Anda di halaman 1dari 6

Dialek Bani Tamim

1. Suku Tamim
Sekurang-kurangnya ada dua tingkatan dalam kehidupan sosial masyarakat Arab.
Yang pertama adalah masyarakat yang memiliki peradaban, potensi, kemampuan material,
dan sastra yang tinggi. Mereka bertempat tinggal di kota-kota besar seperti Makkah,
Yastrib / Madinah, kota-kota yang berada di Yaman, Syam,Irak yang dekat dan bercampur
dengan bangsa-bangsa Persia dan Romawi. Qobilah yang masuk dalam tingkatan ini adalah
qobilah-qobilah yang menetap di bagian utara dan barat Jazirah Arab seperti Quraisy,
Hudzail, Tsaqif, Aus, dan Khadraj.
Kedua yaitu qobilah yang kehidupannya berpindah-pindah atau nomaden dan
memiliki sedikit peradaban. Mereka berpindah-pindah dalam mencari tempat tinggal dan
rasa aman. Tingkatan ini terdapat di bagian timur dan tengah Jazirah Arab seperti Tamim,
Qais, dan Asad (Fatihah, 2018, h.110-111).
Memiliki tingkatan kedua dalam kehidupan sosial masyarakat Arab, suku Tamim
mempunyai komunitas yang besar yang tersebar di Jazirah Arab. Maka dari itu suku Tamim
tidak dapat diremehkan dan dipandang sebelah mata.

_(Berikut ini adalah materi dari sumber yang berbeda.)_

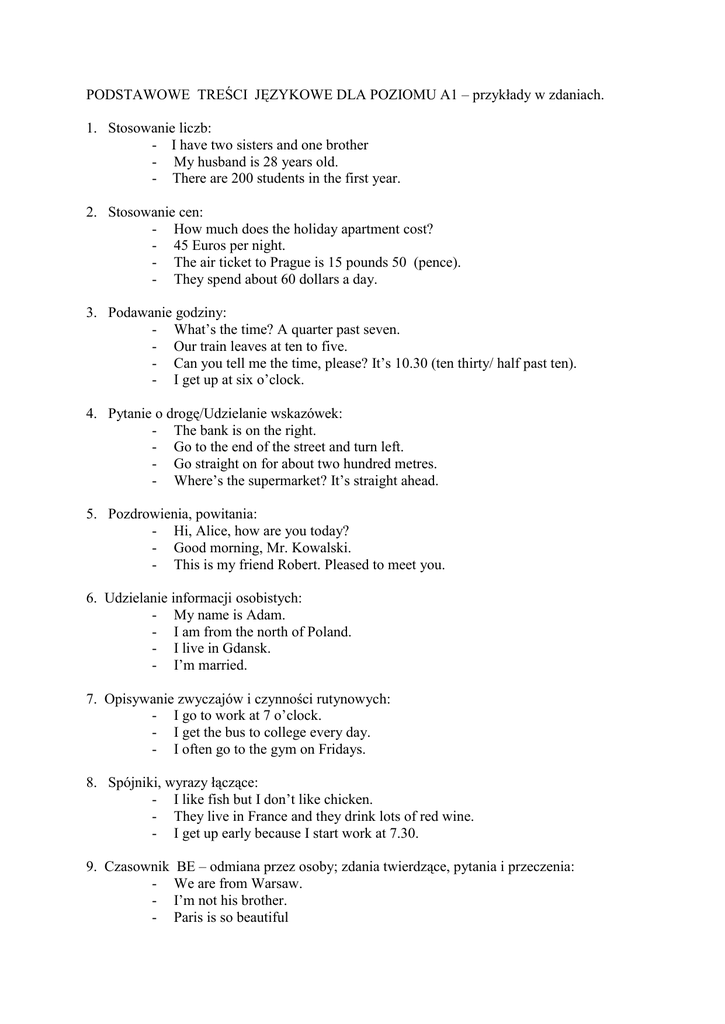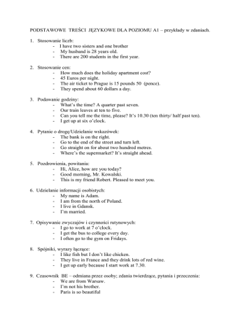 PODSTAWOWE TREŚCI JĘZYKOWE DLA POZIOMU A1 – przykłady w zdaniach. 1. Stosowanie liczb: - I have two sisters and one brother - My husband is 28 years old. - There are 200 students in the first year. 2. Stosowanie cen: - How much does the holiday apartment cost? - 45 Euros per night. - The air ticket to Prague is 15 pounds 50 (pence). - They spend about 60 dollars a day. 3. Podawanie godziny: - What’s the time? A quarter past seven. - Our train leaves at ten to five. - Can you tell me the time, please? It’s 10.30 (ten thirty/ half past ten). - I get up at six o’clock. 4. Pytanie o drogę/Udzielanie wskazówek: - The bank is on the right. - Go to the end of the street and turn left. - Go straight on for about two hundred metres. - Where’s the supermarket? It’s straight ahead. 5. Pozdrowienia, powitania: - Hi, Alice, how are you today? - Good morning, Mr. Kowalski. - This is my friend Robert. Pleased to meet you. 6. Udzielanie informacji osobistych: - My name is Adam. - I am from the north of Poland. - I live in Gdansk. - I’m married. 7. Opisywanie zwyczajów i czynności rutynowych: - I go to work at 7 o’clock. - I get the bus to college every day. - I often go to the gym on Fridays. 8. Spójniki, wyrazy łączące: - I like fish but I don’t like chicken. - They live in France and they drink lots of red wine. - I get up early because I start work at 7.30. 9. Czasownik - BE – odmiana przez osoby; zdania twierdzące, pytania i przeczenia: We are from Warsaw. I’m not his brother. Paris is so beautiful - Are you a student? Yes, I am. It was very interesting. Where were you born? I wasn’t late for the meeting. 10. Tryb rozkazujący – prośby, polecenia: - Come in, please. - Take care! - Don’t smoke in here. - Please don’t wait for me. 11. Pytania ogólne (Yes/No): - Is she your friend? - Do you like cooking? - Can you help me? - Did you sleep well? - Are you waiting for me? - Were you born in Warsaw? 12. Pytania szczegółowe (WH-questions): - What time is it? - Where does he live? - When did you come? - How much did it cost? - How old were they? - What are you doing here? 13. Czas present simple: - We eat fruit every day. - She lives in a family house. - I don’t speak German. - Do you work on Saturdays? 14. Czas present continuous: - Tom is studying psychology at Warsaw university. - Look! It’s raining again. - Are you watching the match? 15. Czas past simple: - After lunch we went for a walk. - She fell and broke her arm. - I worked with Anna for three years. - Did you like the concert? - We didn’t take a taxi. 16. Forma BE GOING TO: - My son is going to study medicine. - I’m going to stop smoking. - Are you going to take a credit? - It’s going to rain. 17. WOULD - LIKE: I’d like a cup of coffee. Would you like to go home? We’d like to stay here. 18. FORMA - -ING z czasownikami like/love/hate/go/do: I love dancing. She hates getting up early. Do you go skiing every year? I did some cooking last night. 19. Czasownik modalny CAN: - I can’t play snooker. (umiejętność). - Can/Could I use your computer? (pozwolenie). - Can I have a double espresso, please. (prośba) - We can’t open it. We don’t have the key. (możliwość) 20. Rzeczowniki policzalne i niepoliczalne z oznacznikami ilości i przedimkami: - He is a nice boy. - Boys wear trousers. - How many boys played the game? - There are some boys in the classroom. - How much money do you need? - Money makes the world go around. - We bought a water melon and some cheese. 21. There is/There are/ There was/There were: - There’s a cash machine near the supermarket. - Is there a flower shop near here? - There aren’t any passengers on the train. - There was a storm last night. - Were there any problems with your visas? 22. Zaimki osobowe: - We bought a new computer. - Help them, please. - Sorry, I broke it yesterday. - She gives us some magazines to read. 23. Przymiotniki dzierżawcze: - This is my seat. - Where is your umbrella? - Our house is quite old. 24. Zaimki dzierżawcze: - Is this bag yours? - No, it isn’t mine. - Leave your books but take theirs. 25. Dopełniacz “s”: - It is Mary’s turn to wash up. - My sister’s son is ten years old. - This is the teachers’ room. 26. Przyimki czasu: - See you on Monday. - I was born in December. - The lecture starts at 8 o’clock. - We lived in Krakow for five years. - I’m going to work at the weekend. 27. Przyimki miejsca i ruchu: - He is sitting at the table. - There are no pictures on the walls. - My friends live in Chicago. - Alice found the key under the table. - I’m going to the cinema now. - Tom came from London yesterday. 28. Przedimek nieokreślony/określony/ brak przedimka: - I need a pencil. - Books are quite expensive. - Is there a computer in the room? - I don’t drink beer. Can I have a coffee? - Your jacket is on the chair. - I feel tired. I’m going to bed. - We can have lunch at 13.00. 29. Określanie ilości: - Children need a lot of sleep. - Do you have any cheese? - We’d like some ice-cream. - How much is it? - I don’t have many friends in Warsaw. 30. Zaimki wskazujące bliższe i dalsze: - This cake is really tasty. - What did that man want? - These people are waiting for you. - Those houses are very modern. 31. Stopień wyższy i najwyższy przymiotnika: - Mary is shorter than her sister. - I’m better at speaking. - Tom is the youngest in the class. - Skiing is more difficult that snowboarding. 32. Przysłówki częstotliwości: - We always have breakfast. - Sue sometimes goes fishing with her brother. - They never ask for help. 33. Zaimki pytajne: - Who are you? - How old are you? - Where are you from? - What’s your name? - Why are you late? 34. Przysłówki stopnia/intensywności: - It’s a very good book. - I’m really sorry. - He is quite nice. 35. Kraje, narodowości: - Allan is English but he lives in Ireland. - Lots of Polish people work in Great Britain, Germany and the USA. 36. Informacje os

Disebutkan dalam buku yang berjudul Fiqh al-Lughoh wa Masailuhu karangan
Muhammad As’ad al Nadiri bahwa Bani Tamim merupakan qabilah besar dari Adnaniyyah
yakni nasabnya bersambung sampai Adnan. Adapun nenek moyang mereka adalah Tamim
bin Murrah bin Add bin Thabikhah bin Ilyas bin Mudharr bin Nazar bin Mu’id bin Adnan
(Fatihah, 2018, h.112).
Secara umum kebanyakan orang sepakat bahwa dialek quraisylah yang menjadi
acuan untuk bahasa formal. Namun, ada sekelompok kecil orang yang berpendapat jika
dialek Tamim yang merupakan acuan bagi bahasa formal.Seperti yang diungkapkan oleh
subhi shalih bahwasannya dalam literatur-literatur masa lalu dan dan kamus-kamus
bahasa selalu menunjukkan bahwa dialek bani Tamim lebih kuat secara qiyas
dibandingkan dengan dialek quraisy.Bahkan sebagian besar penelitian menunjukkan
bahwa kosakata dan susunan kalimat dialek bani Tamim sering digunakan para penggguna
bahasa Arab (Mu’izzudin, 2018, h. 271).
Dari hal tersebut penulis menyimpulkan bahwa dikarenakan bani Tamim
merupakan qabilah yang besar dan tersebar di wilayah jazirah Arabia tidak menutup
kemungkinan jika dialek Tamim juga ikut andil sebagai acuan bahasa formal bagi sebagian
orang, hal ini membuktikan juga bahwa walaupun bani Tamim termasuk dalam tingkatan
kedua dalam kehidupan sosialnya namun dialeknya tidak dapat di pandang sebelah mata
dan diremehkan.
2. Dialek Bani Tamim dan Pandangan Para Ahli.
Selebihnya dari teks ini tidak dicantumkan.